Midterm 2 Review Qs Flashcards
Which antibody is NOT known to fix compliment?
A. anti-Jka
B. anti-P
C. anti-B
D. anti-k
D. anti-k
All Kidd Need Pretransfusion
Which antithetical pair is NOT a high/low incidence pair?
A. Lua/Lub
B. Dia/Dib
C.Fya/Fyb
D.K/k
C. Fya/Fyb
Even distribution in the Duffy antithetical pair
Which antibody is known to demonstrate dosage?
A. anti-Jka
B. anti-P
C. anti-Lea
D. Anti-U
A. anti - Jka
The dosage effect is most prominently identified in antibodies associated with the Duffy, Kidd, Rh and MNS blood group systems.
Which antigen system is the entry point for Plasmodium Falciparum?
A. MNS
B. Lutheran
C. Duffy
D. Rhesus
A. MNS
Duffy is P.vivax
Secretor status is coded on chromosome 19, which of the following systems is also on this chromosome?
A. Kell
B. Duffy
C. Lutheran
D. P/Glob
C. Lutheran
Which antigen system is involved in urea transport in the cell?
A. Duffy
B. Kell
C. Kidd
D. P
C. Kidd
Chromosome 18 codes for a multiphase human erythrocyte urea transport gene called HUT II. Important for urine concentration. Jk null red cells resist 2M urea lysis
Which antibody is associated with paroxysmal cold hemoglobinuria?
A. anti-P1
B. anti-P
C. anti-M
D. Anti-I
B. anti-P
anti-P1 has no special features. anti-M’s special feature is malaria, anti-I has no special features.
Which antibody classically gibes mixed field agglutination reactions?
A. anti-Lea
B. anti-Lub
C. anti-I
D. Anti-D
B. anti-Lub
Which antibody is considered a warm acting antibody?
A. anti-M
B. anti-N
C. anti-S
D. Anti-Lua
C. anti-S
Which phenotype is NOT a null phenotype
A. JK3-
B. U-
C. Fy(a-b-)
D. k-
D. k-
This is an antithetical pair of K.
Which antibody is most commonly associated with delayed hemolytic transfusion reactions?
A. anti-s
B. anti-k
C. anti-Lua
D. Anti-Jka
D. Anti-Jka
Kidd are mostly cause delayed hemolytic transfusion reactions.

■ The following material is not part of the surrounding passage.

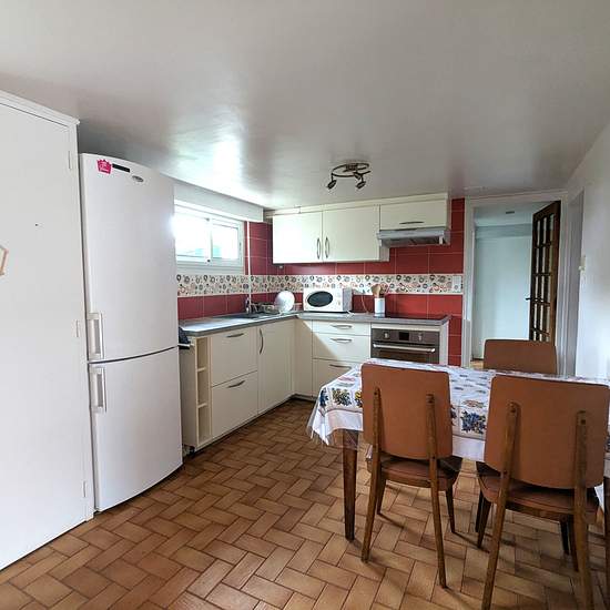 Le logement est situé au rez-de-jardin d'une maison divisée en deux unités. L'entrée donne sur une pièce de vie composée d'un coin salon et d'une cuisine ouverte. L'espace cuisine est aménagé avec une plaque de cuisson, une hotte, un four et un réfrigérateur. Deux chambres sont présentes. La première chambre est équipée d'un placard intégré. La seconde, plus petite, comprend également un petit placard. Un dégagement assure la distribution de la salle d'eau équipée d'une douche à l'italienne, d'un meuble vasque et d'un WC. L'installation de c...

Kidd antibodies are notorious for two things, having a high titer that goes away fast and for showing adage. This means a homozygous Jkb+ person could get a transfusion that immunizes them to make an anti-jha that would react with the transfused cells and then become not detectible within 3 weeks after it is formed. As the serological detectability of this antibody weakens, it will have stronger reactivity with homozygous cells than with heterozygous cells. This change in titer makes them a common cause of delayed hemolytic transfusion reactions because they often are not detectable serologically until the patient has been given incompatible blood.
Which of the following phenotypes may make an allo-anti-U?
A. M+N+,S+,s-
B. M+N-S-,s-
C. M-N+S-s+
D.M+N-S+s+
B. M+N-S-s-
Weiner found that all S-s- patients were also U- in 1953. high prevalence U antigen named for “universal prevalence.
Which phenotype is considered homozygous?
A. R1r”
B. Fy(a+b+)
C. JK(a-b+)
D. K+k+
C. JK (a-b+)
Your facility has a rule to not phenotype units for antigens that are <10% prevalent in the populations. Which clinically significant antibody might they miss?
A. E
B. Lea
C. S
D. K
D. K
E is 30%, Lea is 70%, and S is 50%.
Which Duffy phenotype is prevalent in the black population but nearly non-existent in caucasians?
A. Fy(a+b+)
B. Fy(a+b-)
C. Fy(a-b+)
D. Fy(a-b-)
D. Fy(a-b-)
This is rare in the white population. 68% in the black population and 0% in the asian population.
Of significance is the fact that Duffy null red cells are VERY common on African American cells. This ACKR1 is a receptor for pro inflammatory cytokine that are involved in activation of white blood cells, binding molecules responsible for cell-to-cell communication, and essentially acting as a biological sponge for excess chemokines.